Mélanie Mermod, L’Hiver dernier, Galerie Joseph Tang, 2012

Comme laissées sous une couche de cendre blanche qui se serait lentement compactée avec le temps, les formes présentes dans l’espace semblent tenter de se soustraire à notre regard. Des encadrements de fenêtres ou de tableaux irréguliers et deux matelas blancs ficelés articulent un univers post-apocalyptique, dont il ne resterait à voir que les traces d’un abri abandonné. Un bac aux angles tranchants et aux couleurs sombres et métalliques se détache par une esthétique tout aussi minimale, mais dont les matériaux apparaissent nus, sans façonnage manuel.

C’était autour d’eux comme un rideau de neige tombante. Il n’y avait rien moyen de voir ni d’un côté ni de l’autre de la route. Il commençait à tousser et le petit frissonnait. Ils marchaient tous les deux côte à côte sous la bâche de plastique, poussant le caddie dans la neige.

Cormac McCarthy, La Route, 2006

Intitulé Et si c’était moi (2012), chaque matelas contorsionné est une œuvre autonome, fabriquée selon un même processus pouvant produire diverses combinaisons : un matelas simple, une découpe, un enroulement maintenu par un tour de ficelle. Le titre de l’oeuvre est une phrase dite par un enfant confronté à la violence du monde dans le roman La Route de Cormac McCarthy. Ces corps mous, pétrifiés par les couches de résine, semblent s’être repliés sous l’effet de la contrainte. Formes en souffrance figées dans le temps, génératrices d’empathie, Et si c’était moi réfléchit la capacité du regard à s’engager pour son objet.

Je trace d’abord sur la surface à peindre un quadrilatère de la grandeur que je veux, et qui est pour moi une fenêtre ouverte par laquelle on puisse regarder l’histoire.

Leon Battista Alberti, Della Pittura, 1435

Dans Curseur (2012), une ficelle pointe un bac rempli d’huile de vidange, dont le côté gauche est recouvert d’une plaque de verre opaque. L’œuvre traverse l’espace de haut en bas, rejouant par renversement certains dispositifs particuliers de cordes émergeant de tableaux d’Eva Hesse – No Title, 1970 ou No Title (Wall Piece),1970. Le quadrilatère noir au sol, moitié liquide, moitié solide, pourrait évoquer un hydrographe de musée cyberpunk ou un livre ouvert. Le curseur signalerait alors un point dans un temps présent, brouillé et illisible, tandis que le passé proche serait voilé et inaccessible. Pourtant la même matière liquide aux propriétés réfléchissantes habite les deux espaces, les rendant coexistant. Curseur pourrait être imaginé comme une modélisation expérimentale du continuum de l’espace-temps, questionnant l’indétermination du réel, l’impossibilité de se représenter le passé ou encore des évènements ayant lieu dans d’autres parties du monde.

Elle était allée vers ce tableau mais n’en était pas revenue, elle était restée du côté du chat à regarder au-delà de la fenêtre une chose que personne d’autre qu’eux ne pouvait voir, une chose que voyaient seulement Alana et Osiris chaque fois qu’il me regardaient en face.

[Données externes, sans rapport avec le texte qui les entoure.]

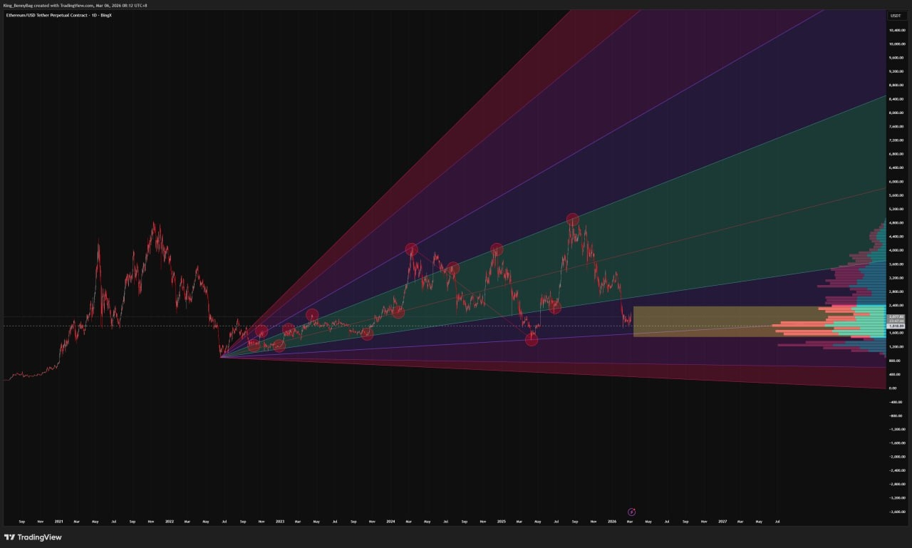 • Bullish: hold $1.9k–$2.1k demand > higher low > target ~$3k midline

Julio Cortázar, Orientation des chats, 1980

Quatre cadres (Sans titre d’après Eva Hesse, 2012) enserrent le vide. L’œuvre compose de façon subjective un alignement de baies aveugles à partir d’un dessin de rectangles imbriqués les uns dans les autres réalisé par Eva Hesse en 1969. Dans plusieurs travaux de Sophie Dubosc, on retrouve ce procédé de déploiement d’œuvres bidimensionnelles –de Sherrie Levine ou de René Magritte– dans l’espace. Ici, le dispositif rappelle également Hang Up (1969) –un grand cadre vide duquel émerge un lasso métallique–, la méthodologie sérielle et les patientes applications de couches cutanées d’Eva Hesse. Les fenêtres ne donnent sur rien, mais chacune d’elle réfléchit la lumière à sa manière propre, suivant les angles et les tracés de leurs bordures. Les cadres deviennent ajours et cernent des territoires. L’œuvre force l’œil à voir ailleurs. Si les formes de L’Hiver dernier se soustraient à notre regard, c’est qu’elles ne sont pas tant conçues pour représenter des histoires que pour interroger différents processus de perception.